AI and Retinal Disease: More Approaches Keep Emerging
Artificial intelligence (AI) is making waves in diagnosing retinal disease. Computers with this technology can be quicker and less expensive than a doctor, but can they be trusted to get it right?
New AI methodologies that aim to answer this question seem to be emerging weekly. Just a few weeks ago, OIS Weekly reported on two entries in the AI diagnosis field, one from IDx, and one from a team at Moorfields Eye Hospital in London, using Google DeepMind. Both have made significant strides in developing systems that may help relieve doctors of the repetition of viewing scans. Since then, more reports have been published about using AI in diagnosing retinal disease.
Machine Versus MD
Now, Lily Peng, MD, PhD, and colleagues at Google Research in California are working to make their system even better, by adding the input of retina specialists into the software. They say, in an article published online in the journal Ophthalmology, that this addition improved the software so that its accuracy in diagnosing diabetic retinopathy was roughly equal to that of retina specialists participating in the study.1 The research team also involves investigators from Palo Alto Medical Foundation in California, and Oregon Eye Consultants in Eugene. Dr. Peng and colleagues previously reported on AI in diabetic retinopathy in the Journal of the American Medical Association.2
Previously, Dr. Peng and her team fed thousands of retinal scans into neural networks, so computers could learn how to find early warning signs of retinopathy. To improve on what was already done, Dr. Peng’s team compared the computer’s findings with manual grading performed by three general ophthalmologists and three retina specialists. Incorporating that grading ultimately improved the accuracy of the software. “We believe this work provides a basis for further research and raises the bar for reference standards in the field of applying machine learning to medicine,” Dr. Peng says in a press release from the American Academy of Ophthalmology.
Using Transfer Learning
Another approach comes from researchers at the Shiley Eye Institute at UC San Diego Health and University of California San Diego School of Medicine, and their colleagues in Texas, China, and Germany, who have also developed software for detection of retinal disorders.
Current AI systems require the feeding of thousands of scans into a system. Those scans “teach” the computer what to look for. For this software, the researchers, led by Kang Zhang, MD, PhD, professor of ophthalmology at the Shiley Eye Institute and founding director of the Institute for Genomic Medicine at UC San Diego School of Medicine, used transfer learning, in which the computer can apply what it has previously learned to find slight differences between seemingly similar problems. This enables the AI system to learn more efficiently with fewer scans.
The Shiley Eye Institute researchers also employed occlusion testing, which allows them to understand more about what the computer is looking at to make decisions. “Machine learning is often like a black box where we don’t know exactly what is happening,” Dr. Zhang says. “With occlusion testing, the computer can tell us where it is looking in an image to arrive at a diagnosis, so we can figure out why the system got the result it did. This makes the system more transparent and increases our trust in the diagnosis.”
Dr. Zhang and colleagues published a study in the journal Cell that focused on macular degeneration and diabetic macular edema.3 Their analysis compared the diagnoses from the computer with those from five ophthalmologists who reviewed the same scans. The computer also made referral and treatment recommendations.

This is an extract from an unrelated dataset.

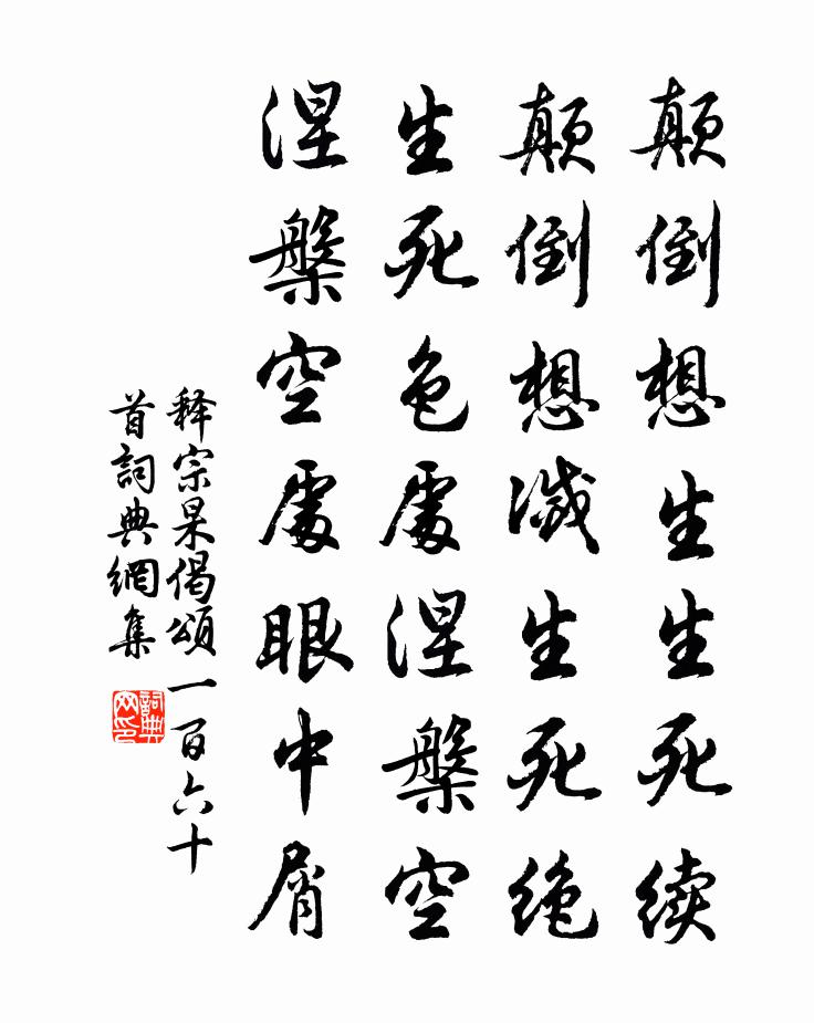 詩詞名句歷史字典書法欣賞書法字典國語詞典說文解字康熙字典古漢語字典標 題 作 者 詩 句 偈頌一百六十首作者:釋宗杲 朝代:宋代偈頌一百六十首原文顛倒想生生死續,顛倒想滅生死絕。生死色處涅槃空,涅槃空處眼中屑。詩詞問答問:偈頌一百六十首的作者是誰?答:釋宗杲問:偈頌一百六十首寫於哪個朝代?答:宋代釋宗杲偈頌一百六十首書法欣賞偈頌一百六十首書法作品詩詞推薦興福寺真山民〔宋代〕為厭市喧雜,攜詩來此吟。鳥聲山路靜,花影寺門深。樓閣莊嚴界,池塘清淨心。松風亦好事,送客出前林。虞美人蘇軾〔宋代〕深深庭院清明過。桃李初紅破。柳絲搭在玉闌乾。簾外瀟瀟微雨、做輕寒。晚晴台榭增明媚。已拼花前醉。更闌人高宗郊祀前廟朝享太廟三十首真宗〔宋代〕赫赫明明,維祖維宗。鑒於文孫,維德之同。日靖四方,亦同其功。億萬斯年,以承家邦。晏成續太祝遺雙井茶五品茶具四枚近詩六十篇梅堯臣〔宋代〕始於歐陽永叔席,乃識雙井絕品茶。次逢江東許子春,又出鷹爪與露芽。鷹爪斷之中有光,蹍成雪色浮乳花。晏公或遺木瓜有雙實者香甚戲作陸游〔宋代〕宣城繡瓜有奇香,偶得並蔕置枕傍。六根互用亦何常?我以鼻嗅代舌嘗。再和時習五章取禮記一句月令上丁習舞釋菜袁甫〔宋代〕聖道洋洋滄海如,不流天下只流洙。上丁釋菜今非古,喚起遺鳳屬我徒。與吳侍御春遊元稹〔唐代〕蒼龍闕下陪驄馬,紫閣峰頭見白雲。滿眼流光隨日度,今朝花落更紛紛。西樓晚望張伯玉〔宋代〕疊岫斂餘霞,輕舠簇遠沙。斜陽媚城郭,細柳雜汀花。兩兩聯歸騎,蕭蕭起暮鴉。誰知故園興,閒在使君家。齊桓晉文之事佚名〔先秦〕齊宣王問曰:“齊桓、晉文之事,可得聞乎?” 孟子對曰:“仲尼之徒,無道桓、文之事者,是以後世無傳焉使君次韻再賦二首劉克莊〔宋代〕當年雙璧甲科郎,未羨燕山五桂芳。奏賦何曾因狗監,諫書直乞罷鷹坊。聚螢窗冷韋編蠹,下馬陵蕪宰樹蒼。不是次韻寄史彥明牟巘五〔宋代〕等閒看盡弁衡毗,旁郡聊從捧檄馳。候管乍披新定志,郵筒忽見故人詩。君方清絕行明鏡,我正摧頹據槁枝。為喜漁父詞/漁父薛師石〔宋代〕平明霧靄雨初晴。兒子敲針作釣成。香餌小,繭絲輕。釣得魚兒不識名。寄劉方平皇甫冉〔唐代〕坐憶山中人,窮棲事南畝。煙霞相親外,墟落今何有。潘郎作賦年,陶令辭官後。達生遺自適,良願固無負。田取老翁吟邵雍〔宋代〕皤然一老翁,凡百事皆慵。舊物不盡記,故人難得逢。幽花渾在霧,殘夢半隨風。只且願天下,時和與歲豐。採蓮女李中〔唐代〕晚涼含笑上蘭舟,波底紅妝影欲浮。陌上少年休植足,荷香深處不回頭。感蛙錢時〔宋代〕翠蟾戛戛鬧黃昏,反手為妖覆手祥。明月夜光遭按劍,可憐箕子學佯狂。張翰惠書告窘朱翌〔宋代〕伯龍營什一,撫掌鬼在側。燕公鑄橫財,地下萬爐執。貧富有物司,得失難智索。我今竟日餐,或待門生設。圾園四時白紵歌 冬白紵沈約〔南北朝〕寒閨晝密羅幌垂。婉容麗色心相知。雙去雙還誓不移。長袖拂面為君施。翡翠羣飛飛不息。願在雲間長比翼。佩服劉有詩再次韻四首陳造〔宋代〕此君高韻已蕭然,更向新詩得媚川。誰遣小家藏二妙,為君時炷水沉煙。竹奴曾幾〔宋代〕霧帳桃笙晝寢餘,此君那可一朝無。秋來冷落同班扇,歲晚溫柔是錫奴。名句推薦春近寒雖轉,梅舒雪尚飄。陰鏗《雪裡梅花詩》 花繁柳密處,撥得開,才是手段;風狂雨急時,立得定,方見腳根。陳繼儒《小窗幽記·集醒篇》 獨倚危欄,神遊無際,天地猶嫌隘。朱栴《念奴嬌·雪霽夜月中登樓望賀蘭山作》 白馬金羈遼海東,羅帷繡被臥春風。李白《春怨》 朝來嗔寂寞,不肯試新衣。馮夢龍《喻世明言·卷一》 一場愁夢酒醒時,斜陽卻照深深院。晏殊《踏莎行·小徑紅稀》 寒雨連江夜入吳,平明送客楚山孤。王昌齡《芙蓉樓送辛漸》 朱弦已為佳人絕,青眼聊因美酒橫。黃庭堅《登快閣》 何處望神州?滿眼風光北固樓。辛棄疾《南鄉子·登京口北固亭有懷》 晚年唯好靜,萬事不關心。王維《酬張少府》
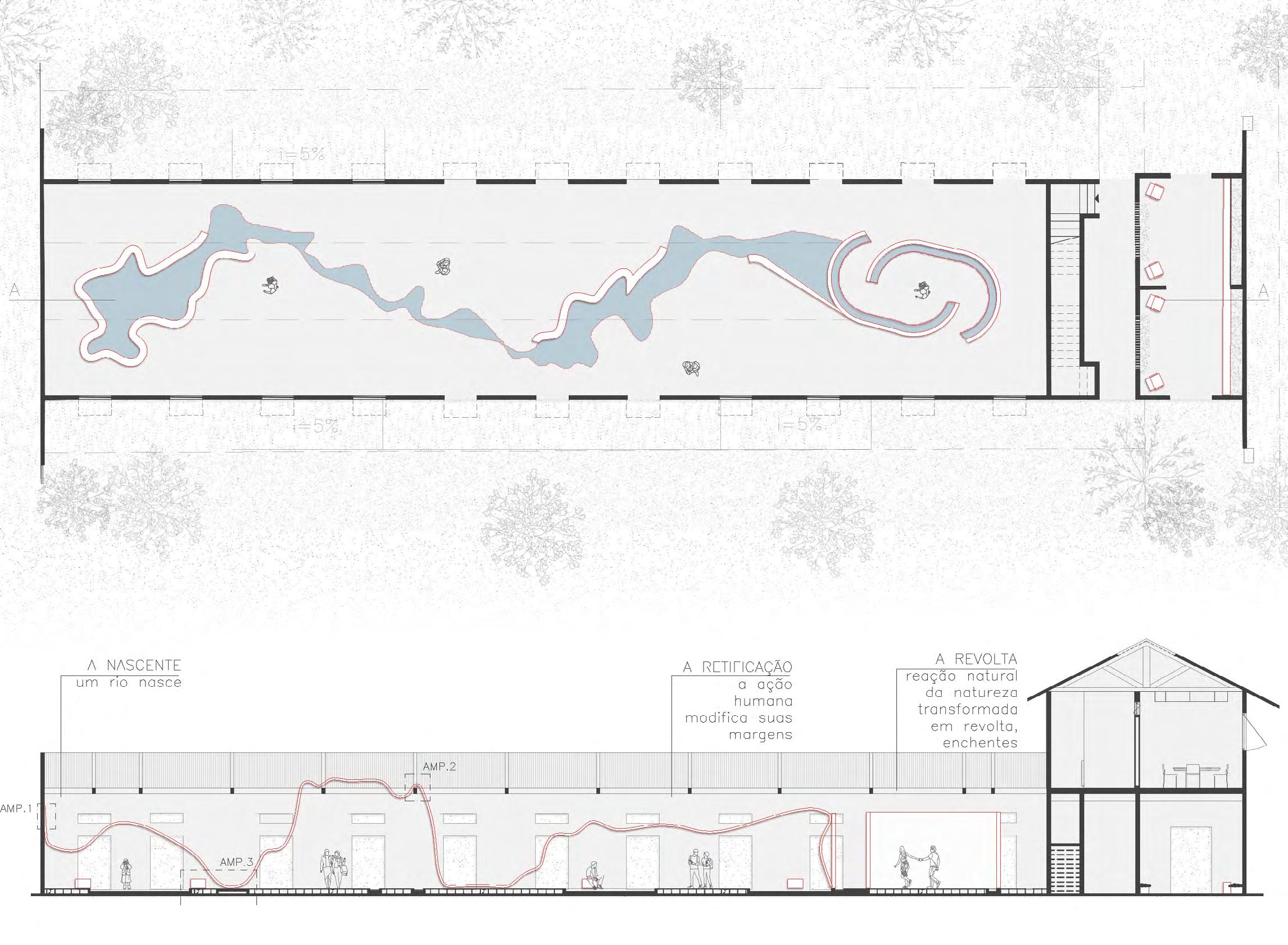 Entre os ambientes criados para o Polo Cultural, destaca-se a seguir, o projeto expográfico “O Rio das Baias”. Inspirado na história dos rios da cidade de São Paulo, esse espaço cenográfico ocupa uma das baias do conjunto — demarcada ao lado em vermelho — e propõe uma reflexão sensorial e poética sobre o apagamento e a redescoberta dos cursos d’água na paisagem urbana.

The authors say that with simple training, the machine performed similarly to a well-trained ophthalmologist, and could generate a decision within 30 seconds on whether or not the patient should be referred for treatment, with more than 95% percent accuracy.
Computers and artificial intelligence will never replace doctors for reading scans and understanding how to diagnose disease. But if the machines can do a good job for routine cases, that leaves more time for doctors to do the tough ones.
For questions about this article, please contact Steve Lenier at Steve@stevelenier.com.
REFERENCES
- Krause J, Gulshan V, Rahimy E, et al. Grader variability and the importance of reference standards for evaluating machine learning models for diabetic retinopathy. Ophthalmology. Published online March 2, 2018. pii: S0161-6420(17)32698-2. doi: 10.1016/j.ophtha.2018.01.034.
- Gulshan V, Peng L, Coram M, et al. Development and validation of a deep learning algorithm for detection of diabetic retinopathy in retinal fundus photographs. JAMA. 2016;316:2402-2410.
- Kermany DS, Goldbaum M, Cai W, et al. Identifying medical diagnoses and treatable diseases by image-based deep learning. Cell. 2018;172:1122-1131.